The Task Manager 2

The Task Manager 2 is an almost complete re-write of the original Task Manager which has been successfully in use for skim production by BABAR since January 2004. Why such a radical step of a re-write instead of an upgrade.

First, the original Task Manager in continouusly being upgraded and has been adapted for various changes in the skim production procedure. But it also has some significant design flaws. When the Task Manager was designed, BABAR's Computing Model 2 was still under development. Many of the features of the current skim production only developed during the transition from the Objectivity based Computing Model 1 and the Task Manager had to be adjusted to take these into account. The biggest design flaw (for which I take full responsibility) is the treatment of skimming and merging as two separate production steps based on the same production framework. Whereas skimming and merging are in theory very similar, both take data collections as input, do some processing on them, and produce new data collections, the differences are significant enough to make the squeezing of both processing steps into on framework inconveniant and unelegant. Perhaps the biggest disadvantage however is the fact that the processing step of merging depends directly on the skimming.

The Task Manager 2 takes a different approach. Skimming and merging are treated as two steps of the same processing. This does leads to some replication in the database layout.

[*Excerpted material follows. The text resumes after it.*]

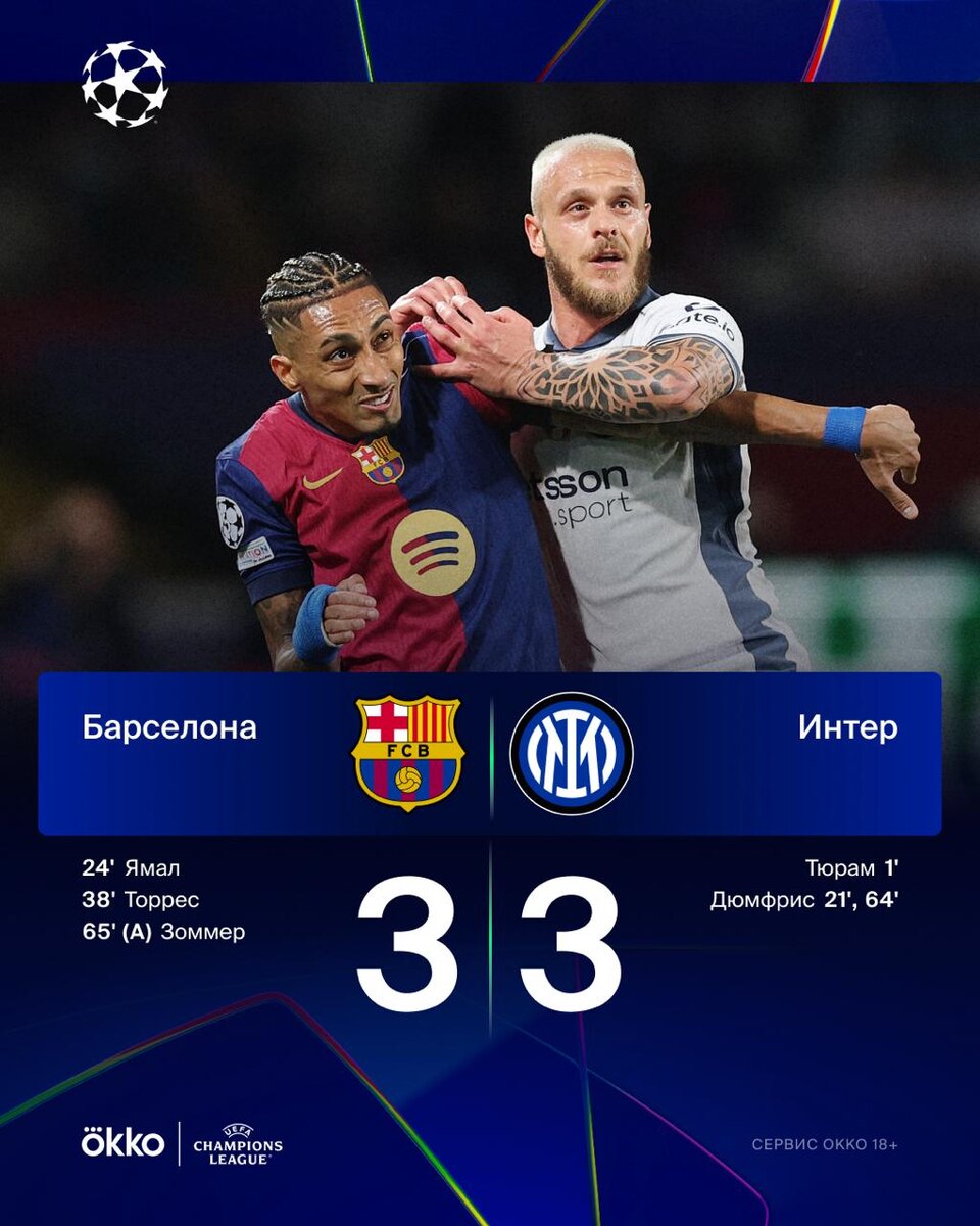 Это Лига чемпионов. Это полуфинал 🤯 «Барса» и «Интер» устроили настоящее шоу. Ждем ответку 😏

As can be seen in the database table layout, the table required for skimming and the merging and the joins between them are almost identical. The same is also true in the class design. However this falls beautifully into OO design, since both, the relevant classes for skims and merges, extend from the same base class. For example the class representing the individual jobs submitted to the batch system are called BbkTMSkimJob and BbkTMMergeJob respectively and extend the BbkTMJobs class. So the base class contains all things common to the jobs whereas the inherited classes contain the differences.

The Job Wrapper Package

The second big difference between the original Task Manager and the Task Manager 2 can be found in the Job Wrapper package. The Task Manager wraps the application for skimming and merging with a perl script to allow for preparation of the run environment before processing and job validation and clean up after the actual processing.

The original Task Manager only had very little support for the job wrappers. But with the requirement to run the applications in an increasingly autonomous and isolated (local) environment to allow for scaleability, the job wrappers had to take on more responsibility and the amount of code grew without a proper base. The Task Manager 2 consists of an entire package (BbkJobWrappers) consisting of various utilities required to run the jobs and support processing in the batch queue.

The figure above illustrates dependencies within the main classes (simple utility classes are not shown). The base of the package is a set of perl wrappers around the commonly used commands to interact with the event store and obtain information on data collections, as well as move data around and checksum them. The intermediate level classes resemble the metadata objects stored in the database. Finally the top level classes are built around collections of the intermediate level classes and deal with the metadata that was created by the individual jobs.

Summary

The Task Manager 2 is in its final development and should be launched by the end of 2005/early 2006.